Potential use of stem cells in cell based therapies:
The process in which the healthy cells replace the damaged cells is known as the process of cell-based therapy. Transplantation of stem cells in any degenerative diseases (such as stroke, spinal cord injury, heart disease, muscular dystrophy, Parkinson disease and others) holds great promise in the field of regenerative medicine. However, in spite of the promising results in the animal models of some of the diseases (for example Parkinson disease model, coronary ligation model for heart attack), the use of stem cells and their use in various human diseases are still at a very preliminary stage.

Hemeatopoetic stem cells (blood stem cells) are the precursor cells for all the blood cells. These stem cells are the only type of stem cells currently used for cell-based therapy in humans. Advanced techniques are currently being used to collect blood stem cells from bone-marrow (doctors have used bone-marrow transplant for last 40 years) for the treatment of leukemia, lymphoma and other inherited blood disorders.

For a comprehensive review of stem cells, please go to National Institutes of Health website www.nih.gov, and click
on the link about stem cells.
International Society for Stem Cell Research: www.isscr.org

What are the qualities required to be a researcher: Utmost curiosity to unravel the unknown. At the same time, you must have enough patience to see the project through and willingness to work long and hard hours to achieve the goals.

Advice or Mantra for aspiring researchers: Patience, hardwork, and dedication.

*Kalpana (Mujoo) Singh, PhD is a faculty member at the Brown Foundation Institute of Molecular Medicine for the prevention of human diseases and an adjunct faculty member of the Department of Integrative Biology and Pharmacology at the UT Health Science Center at Houston. Kalpana received her undergraduate and Masters degrees from Lucknow University and her doctoral degree in Biochemistry at the Central Drug Research Institute in India. She pursued her postdoctoral training at the Scripps Research Institute in La Jolla, CA, in the area of Biochemistry, Cancer Biology and Tumor Immunology. During her postdoctoral training she developed a number of monoclonal antibodies against well-characterized tumor associated antigens and one such antibody has been used in multi-center clinical trials for human neuroblastoma (child hood brain tumor) and melanoma (skin cancer) in the USA and Germany. During her term at the University of Texas M.D. Anderson Cancer Center, Dr. Mujoo was involved in conducting research in basic cancer biology and experimental therapeutics area. She focused her efforts in elucidating the molecular mechanisms of various anti-cancer agents and studying their therapeutic potential in various cancer models.

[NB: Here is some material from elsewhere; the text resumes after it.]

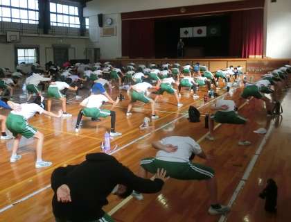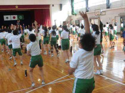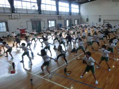 5年生が、学年体育の時間に体育館で運動場で披露する演技の学年練習をしていました。高学年の迫力のある演技を楽しみにしています。

Her current research focuses on delineating the role of nitric oxide (NO), a colorless, odorless gas and cyclic GMP (second messenger) signaling in proliferation, differentiation, and self-renewal of mouse and human embryonic stem cells and adult stem cells. In addition, she is interested in elucidating the role of NO signaling pathway in various human cancers. Dr. Mujoo is a member of International Society of Stem Cell Research and American Association for Advancement of Sciences. She has also been a past member of the American Association for Cancer Research.

Kalpana was born in Srinagar, Kashmir and brought up in Lucknow, where her father was a university Professor. She is married to Dr. Balraj Singh who received his Ph.D. in Life Sciences from JNU, New Delhi. She is a mother of two teenage boys (19 and 14) and is blessed with wonderful family and friends who have touched her life in many ways.